From the results above it may seem that there is quite a bit of overlap in questions (around 50%), suggesting that old questions are often recycled, but we need to consider the fact that we are only checking for the words not the phrases and also we are only looking at a small subset of data. Therefore no concreate conclusion can be drawn here without further/deeper investigation.

Now, we will try to find question that have high value to maximize the reward.

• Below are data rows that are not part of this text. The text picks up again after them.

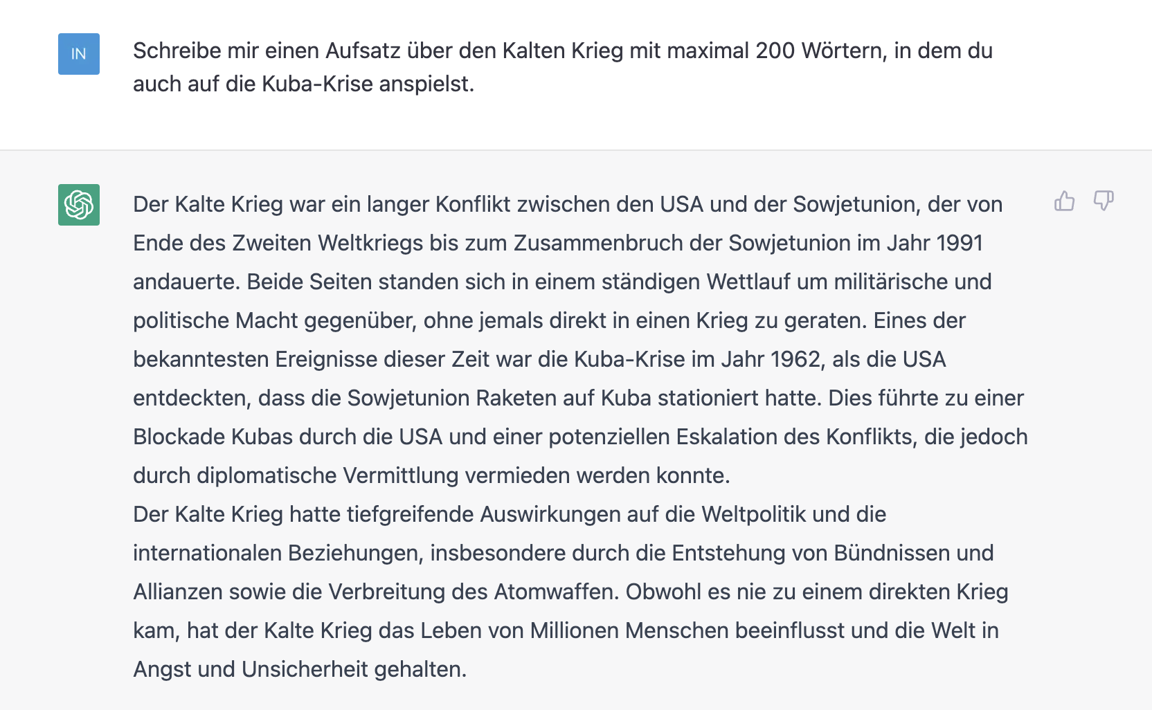 Egal ob du einen Aufsatz über den Kalten Krieg, die Lösung einer Mathe-Aufgabe, das nächstbeste Möbelhaus oder einfach nur einen Partner zum Reden haben willst – ChatGPT kann ALLES.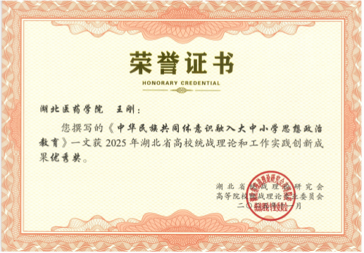本网讯(通讯员 欧阳妮)近日,全省高校统战理论研究会第40次学术年会在荆州长江大学举行。大会表彰了2025年湖北省高校统战理论和工作实践创新优秀成果奖。我校3项成果斩获殊荣,其中药学院廖婧羽老师撰写的论文《认知、情感与意志:心理学视域下高校铸牢中华民族共同体意识教育的思考》获二等奖,药学院王红梅老师撰写的《民主党派推进中国新型政党制度理论体系和话语体系建设的路径研究》、马克思主义学院王刚老师撰写的《中华民族共同体意识融入大中小学思想政治教育》论文均获优秀奖。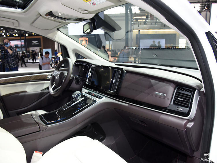在内饰设计上,两台车的路线也是截然不同。广汽传祺M8显然更像是一台MPV,整个中控台的位置更高,厚重感也更强。由于将传统的空调控制面板尽可能缩小,所以挡把的位置也就设计得相对靠前靠上一些,在前排中央通道处也就留出了更多的储物空间。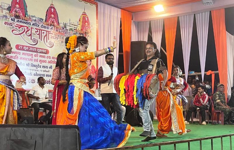 दोकड़ा/कुनकुरी. 30 जून 2025 : श्री जगन्नाथ रथ यात्रा महोत्सव के अंतर्गत दोकड़ा स्थित मौसी बाड़ी प्रांगण में एक भव्य सांस्कृतिक संध्या का आयोजन हुआ, जहां झारखंड के सुप्रसिद्ध लोक कलाकारों और नृत्य समूहों ने लोक संस्कृति, भक्तिरस और मनोरंजन का मनमोहक संगम प्रस्तुत किया। पारंपरिक नागपुरी गीत, मांदर वादन, और बच्चों की जीवंत प्रस्तुतियों ने हजारों श्रद्धालुओं को झूमने पर मजबूर कर दिया। यह आयोजन न सिर्फ भक्ति से ओतप्रोत रहा, बल्कि छत्तीसगढ़-झारखंड की सांस्कृतिक एकता का भी प्रतीक बना।

We, will define high and low value questions like this:-  
* Low value -- Any row where Value is less than 800.
* High value -- Any row where Value is greater than 800.

In [130]:
def val_category(row):
    if row['Value'] > 800:
        value = 1
    else:
        value = 0
    return value

In [131]:
jeopardy["high_value"] = jeopardy.apply(val_category, axis=1)

In [132]:
def usage_counter(word):
    low_count = 0
    high_count = 0
    for idx, row in jeopardy.iterrows():
        if word in row["clean_question"].split():
            if row["high_value"] == 1:
                high_count += 1
            else:
                low_count += 1
    return high_count, low_count

In [133]:
from random import choice

terms_used_list = list(terms_used)
comparison_terms = [choice(terms_used_list) for _ in range(10)]
print(comparison_terms)

observed_expected = []

['carrots', 'scottsboro', 'reference', 'imagine', 'chardonnay', 'airplay', 'cutthroat', 'propelled', 'saturn', 'scores']


In [134]:
for term in comparison_terms:
    observed_expected.append(usage_counter(term))

In [135]:
observed_expected  # (high_count, low_count)

[(0, 6),
 (1, 0),
 (0, 9),
 (1, 1),
 (1, 0),
 (1, 0),
 (0, 3),
 (0, 2),
 (3, 6),
 (3, 3)]

Now that we've found the observed counts for a few terms, we can compute the expected counts and the chi-squared value.

In [148]:
high_value_count = (jeopardy["high_value"] == 1).sum()
low_value_count = (jeopardy["high_value"] == 0).sum()

chi_squared = []

In [156]:
from scipy.stats import chisquare
import numpy as np

for i, j in observed_expected:
    total = i + j
    total_prop = total / len(jeopardy)
    exp_high_val = total_prop * high_value_count
    exp_low_val = total_prop * low_value_count
    
    observed = np.array([i, j])
    expected = np.array([exp_high_val, exp_low_val])
    chi_squared.append(chisquare(observed, expected))

In [157]:
chi_squared

[Power_divergenceResult(statistic=2.411777076761304, pvalue=0.120425590069509),
 Power_divergenceResult(statistic=2.487792117195675, pvalue=0.11473257634454047),
 Power_divergenceResult(statistic=3.6176656151419557, pvalue=0.05716903708519498),
 Power_divergenceResult(statistic=0.4448774816612795, pvalue=0.5047776487545996),
 Power_divergenceResult(statistic=2.487792117195675, pvalue=0.11473257634454047),
 Power_divergenceResult(statistic=2.487792117195675, pvalue=0.11473257634454047),
 Power_divergenceResult(statistic=1.205888538380652, pvalue=0.27214791766902047),
 Power_divergenceResult(statistic=0.803925692253768, pvalue=0.3699222378079571),
 Power_divergenceResult(statistic=0.09564350170321084, pvalue=0.75712159875701),
 Power_divergenceResult(statistic=1.3346324449838385, pvalue=0.24798277007881886)]

## Chi-squared results
None of the terms had a significant difference in usage between high value and low value rows. Additionally, the frequencies were all lower than 5, so the chi-squared test isn't as valid. It would be better to run this test with only terms that have higher frequencies.